- _WHAT IS REQUIRED_: When the records are reproduced, each one must match exactly, and no picture may be kept.

Stored data

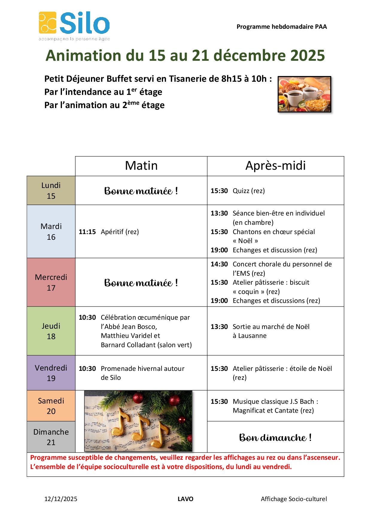 Les visites sont les bienvenues à l'EMS et au SAMS Silo. Merci de toujours vous référer aux affichages en cours sur les deux sites pour vos visites ou contacter notre accueil pour vous renseigner.
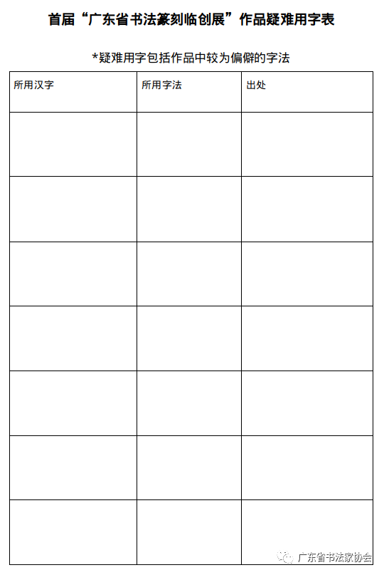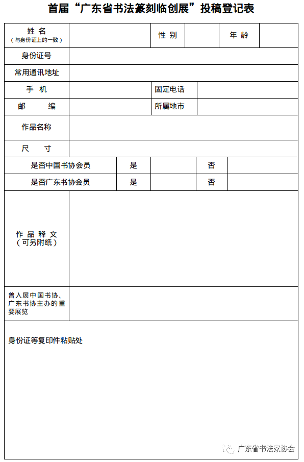(2)为便于准确登记,及时联系作者,请认真填写《首届“广东省书法篆刻临创展”投稿登记表》、《首届“广东省书法篆刻临创展”投稿创作作品疑难用字表》(启事后附表格),连同身份证、中国书协会员证、省书协会员证复印件、所临碑帖复印件、作品释文和创作内容使用的版本复印件,随作品一并寄出。
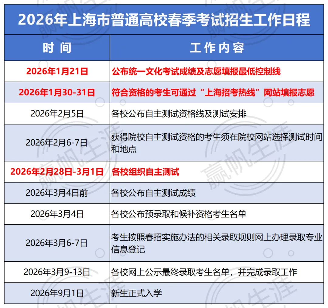 2026年上海市普通高校春季考试招生志愿填报将于1月30日9:00-22:00、1月31日9:00-16:00进行。
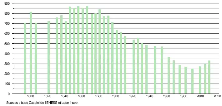 L'évolution du nombre d'habitants est connue à travers les recensements de la population effectués dans la commune depuis 1793. À partir du , les populations légales des communes sont publiées annuellement dans le cadre d'un recensement qui repose désormais sur une collecte d'information annuelle, concernant successivement tous les territoires communaux au cours d'une période de cinq ans. Pour les communes de moins de 10 000 habitants, une enquête de recensement portant sur toute la population est réalisée tous les cinq ans, les populations légales des années intermédiaires étant quant à elles estimées par interpolation ou extrapolation[14]. Pour la commune, le premier recensement exhaustif entrant dans le cadre du nouveau dispositif a été réalisé en 2005[15],[Note 6].
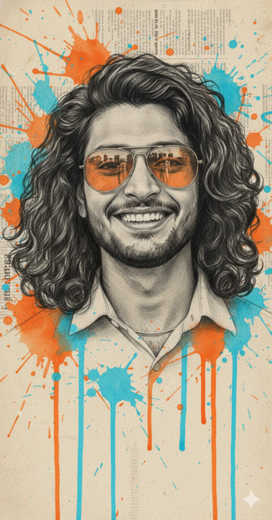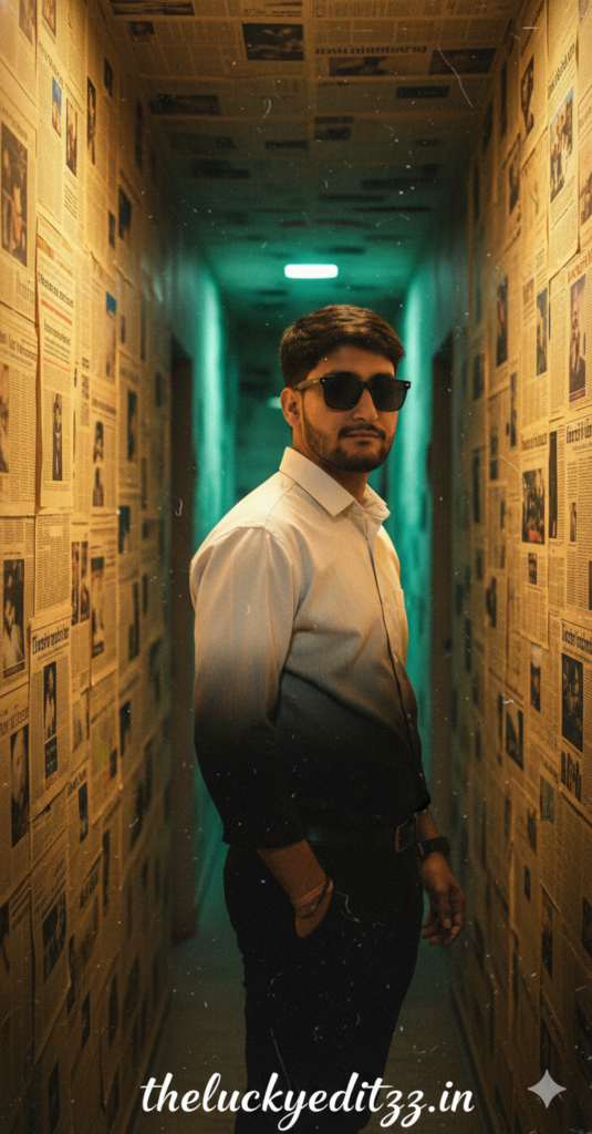 A moody, cinematic portrait of a young man standing in a narrow hallway covered with old newspaper clippings on the walls. He wears a back and white gradiant outfit or black pants and gazes back with a confident yet mysterious expression. The warm golden lighting contrasts with a soft teal glow in the background, and wearing sunglasses creating a nostalgic, film-like atmosphere. The text overlay in stylish handwritten script reads ''theluckyeditzz.in'', evoking the feel of a retro movie poster. Use my same face 100%
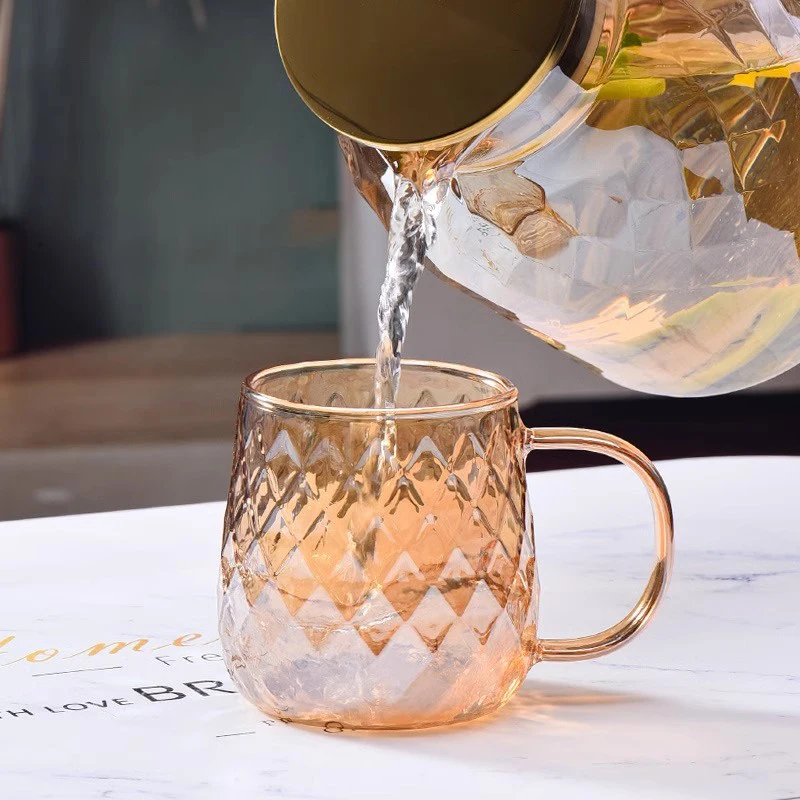 2/4pcs Diamond Textured Glass Cup Set Golden Teacup Mug With Handle Household Fruit Tea Coffee Milk Drinkware Cup Set 380ml
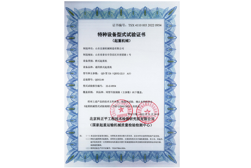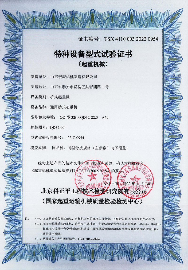 通用桥式起重机(双梁)型式试验合格证
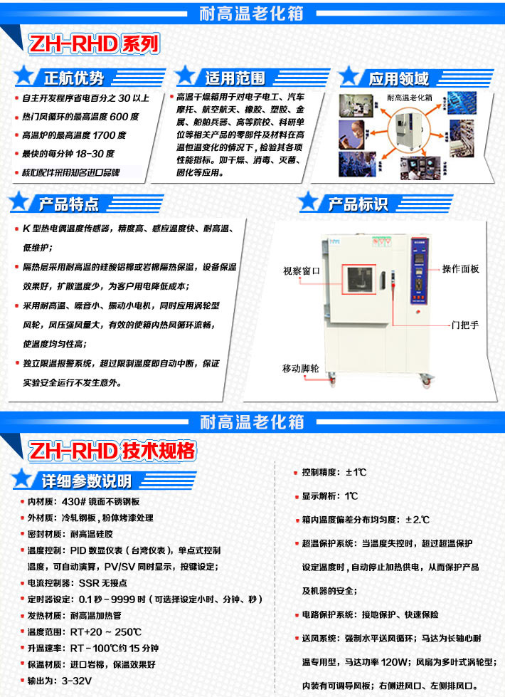 用于對電子電工、汽車摩托、航空航天、橡膠、塑膠、金屬、船舶兵器、高等院校、科研單位等相關產品的零部件及材料在高溫恒溫變化的情況下,檢驗其各項性能指標。嚴格按GB/T2423.2-2008高溫老化試驗方法制造。
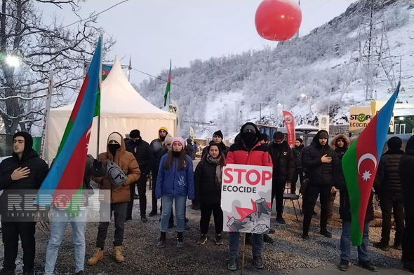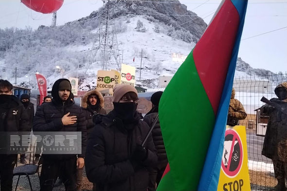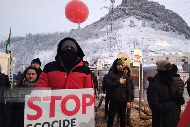 Hazırda havanın qarlı və şaxtalı olmasına baxmayaraq, ekofəallar yolun hər iki tərəfində, hərəkətə maneə törətmədən üzərində Azərbaycan, rus və ingilis dillərində yazılmış plakatlar qaldırıb, şüarlar səsləndirirlər.
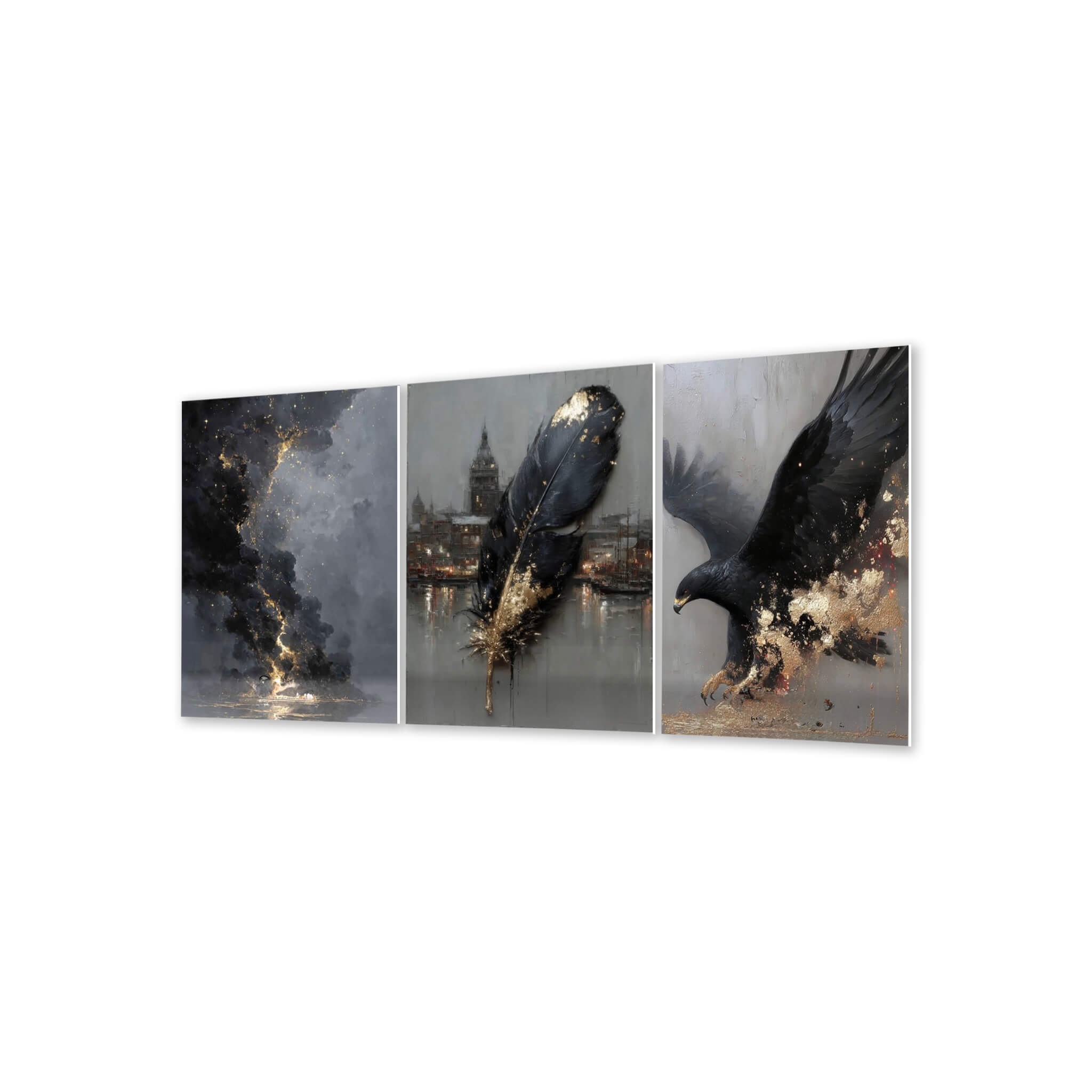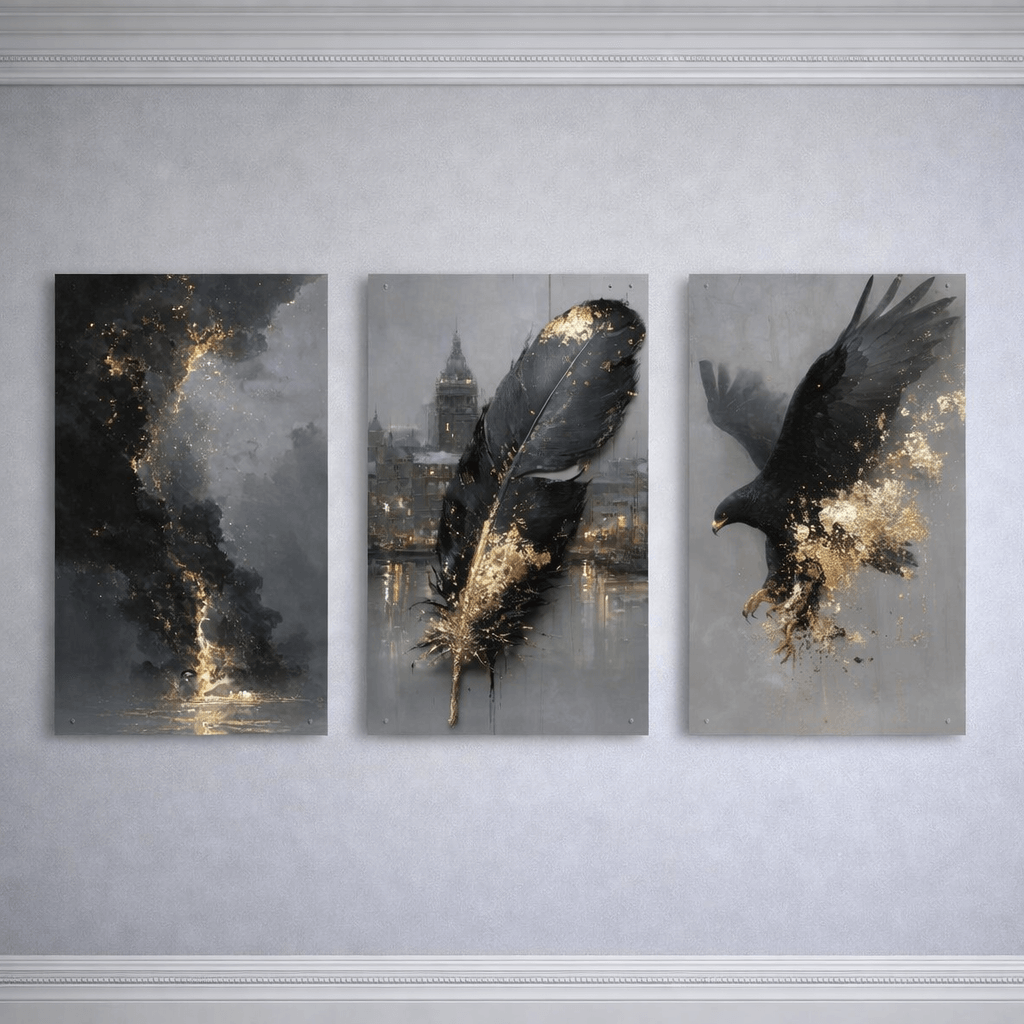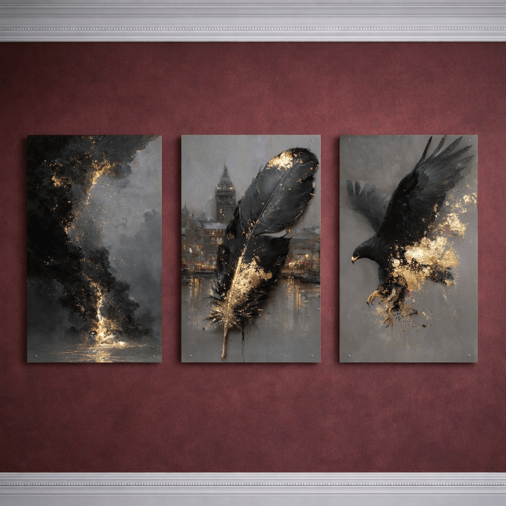 „Tryptyk Czarny orzeł, pióro i abstrakcja” to wyrazista i nowoczesna kompozycja, która łączy symbolikę siły, wolności i elegancji z abstrakcyjną formą. Dynamiczny wizerunek czarnego orła, zestawiony z motywem pióra i artystycznym tłem, tworzy spójną całość o wyjątkowym, luksusowym charakterze. Obraz na szkle zachwyca głębią kolorów oraz efektownymi detalami, które przyciągają wzrok i nadają wnętrzu indywidualnego stylu.

- _PROBLEM SOLUTION_:
 Les visites sont les bienvenues à l'EMS et au SAMS Silo. Merci de toujours vous référer aux affichages en cours sur les deux sites pour vos visites ou contacter notre accueil pour vous renseigner.
(2)为便于准确登记,及时联系作者,请认真填写《首届“广东省书法篆刻临创展”投稿登记表》、《首届“广东省书法篆刻临创展”投稿创作作品疑难用字表》(启事后附表格),连同身份证、中国书协会员证、省书协会员证复印件、所临碑帖复印件、作品释文和创作内容使用的版本复印件,随作品一并寄出。
 2026年上海市普通高校春季考试招生志愿填报将于1月30日9:00-22:00、1月31日9:00-16:00进行。
 L'évolution du nombre d'habitants est connue à travers les recensements de la population effectués dans la commune depuis 1793. À partir du , les populations légales des communes sont publiées annuellement dans le cadre d'un recensement qui repose désormais sur une collecte d'information annuelle, concernant successivement tous les territoires communaux au cours d'une période de cinq ans. Pour les communes de moins de 10 000 habitants, une enquête de recensement portant sur toute la population est réalisée tous les cinq ans, les populations légales des années intermédiaires étant quant à elles estimées par interpolation ou extrapolation[14]. Pour la commune, le premier recensement exhaustif entrant dans le cadre du nouveau dispositif a été réalisé en 2005[15],[Note 6].
 A moody, cinematic portrait of a young man standing in a narrow hallway covered with old newspaper clippings on the walls. He wears a back and white gradiant outfit or black pants and gazes back with a confident yet mysterious expression. The warm golden lighting contrasts with a soft teal glow in the background, and wearing sunglasses creating a nostalgic, film-like atmosphere. The text overlay in stylish handwritten script reads ''theluckyeditzz.in'', evoking the feel of a retro movie poster. Use my same face 100%
 2/4pcs Diamond Textured Glass Cup Set Golden Teacup Mug With Handle Household Fruit Tea Coffee Milk Drinkware Cup Set 380ml
 通用桥式起重机(双梁)型式试验合格证
 用于對電子電工、汽車摩托、航空航天、橡膠、塑膠、金屬、船舶兵器、高等院校、科研單位等相關產品的零部件及材料在高溫恒溫變化的情況下,檢驗其各項性能指標。嚴格按GB/T2423.2-2008高溫老化試驗方法制造。
 Hazırda havanın qarlı və şaxtalı olmasına baxmayaraq, ekofəallar yolun hər iki tərəfində, hərəkətə maneə törətmədən üzərində Azərbaycan, rus və ingilis dillərində yazılmış plakatlar qaldırıb, şüarlar səsləndirirlər.
 „Tryptyk Czarny orzeł, pióro i abstrakcja” to wyrazista i nowoczesna kompozycja, która łączy symbolikę siły, wolności i elegancji z abstrakcyjną formą. Dynamiczny wizerunek czarnego orła, zestawiony z motywem pióra i artystycznym tłem, tworzy spójną całość o wyjątkowym, luksusowym charakterze. Obraz na szkle zachwyca głębią kolorów oraz efektownymi detalami, które przyciągają wzrok i nadają wnętrzu indywidualnego stylu.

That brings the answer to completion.